But now in Christ Jesus you who once were far off have been brought near by the blood of Christ. For he himself is our peace, who has made us both one and has broken down in his flesh the dividing wall of hostility... Eph. 2:13-14

Saturday, February 11

And the raven, never flitting, still is sitting, still is sitting...

I read today in 2 Chronicles 13 about king Abijah, one of the good kings of Judah. God gave him victory in battle  and made him mighty because he relied on the LORD. But then he had 14 wives, which was explicitly forbidden in the Law.

I haven't really researched the matter, but I can't think of a king that actually obeyed that law. Saul, the very first king, had more than one wife, and so did David. And of course Solomon set the record. Having so many wives doesn't seem to be addressed or rebuked. It's just mentioned casually, "And he took fourteen wives..." To me, that seems strange, and to my western mind the thought of having to share my husband-king or not-is a little infuriating. But then I started thinking.

What if every mouthful of food past contentment was a spouse? That probably makes no sense whatsoever to you, but bear with me. What if someone someday wrote about me, "God blessed Sarah, and allowed her to do many things for his glory. And she weighed 200 pounds*, and was an excellent cook."

Now, I realize that there is no verse in scripture that says, "Sarah should not eat more than she needs, and should not be unhealthy." It may not be as blatant as it was for the kings of Israel/Judah, but there are countless verses telling me that my body is not my own, but God's. There are verses that speak in rather offensive language about gluttons. I know without a doubt that God wants me to care for my body, and not to overindulge or find all my pleasure in the food He's provided. And yet I'm overweight.

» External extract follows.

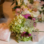 What was Unique and special about your wedding Our wedding was a combination of various family traditions. They were married at St. Leo the Great Church where Jessica’s great-great grandparents were married in 1888. Once they were pronounced husband and wife, they jumped the broom, an African American wedding tradition. Jessica and Jason wanted to create a vintage elegance themed wedding that combined Italian traditions with their love of Baltimore. They had an engagement photo session in Little Italy and hosted their rehearsal dinner at Dalesio’s of Little Italy. Wedding guests received welcome bags with the best of Baltimore treats—Berger cookies, Utz potato chips and Goetz’ s candy—along with popular Italian snacks such as cans of Pellegrino Italian sodas and Bacci chocolates. Italian themed wedding favors included mini bottles of Prosecco for a toast to “Love, Laughter, and Happily Ever After” and a bomboniere. A bomboniere, Italian confetti, is five sugar-coated almonds tucked in fine lace bags representing five wishes for the bride and groom: health, wealth, happiness, fertility, and longevity. During the reception, the band played the Tarantella and the bride’s godmother held the apron while family and friends danced with the bride.

Before I continue, let me make sure you understand what I am NOT saying. I'm NOT saying that overweight people are all in sin. I'm NOT saying that you need to rebuke your brother who took an extra piece of pie at the fellowship. Really, I'm not even talking about eating. For me, overindulgence is hard to overcome, and I don't fight it hard enough (and sometimes not at all). I'm not talking about food.

I'm talking about acceptable sins. Unless you're one of those cruel health freaks who thinks they're better than anyone who weighs ten pounds more than they should, you're not going to judge me for being chubby. More importantly, I'm not going to judge me for being chubby, at least, not for the right reasons. Culturally, it's acceptable.

Does that mean God approves? Not at all! But because it is not something culturally despicable, and it doesn't destroy my relationship with God and everyone else, it doesn't seem like a big deal.

But it is! Because God is everything to me! Why would I condone anything He does not approve of? Yes, there's mercy and grace and love, but that's no excuse for me to turn a blind eye to the non-major defects in my life.

And so, timidly, I'm going to try to pay attention to the acceptable sins in my life. I know I'm not going to like it at all, but the first step to overcoming is admitting I have a problem. After all, my "thirteen" extra pounds may be as scandalous to future generations as Abijah's thirteen extra wives are to me.

To war!

Love and Peace,

P.S. I feel that I've done a very poor job expressing myself here. I should've used a different acceptable sin, I guess. That's just the first one that always comes to mind. Hopefully you get the picture and it encourages you somehow anyway!

*Disclaimer: I've never weighed 200lb, and I pray I never will. I'm too vain to put my actual weight, so I went higher for emphasis.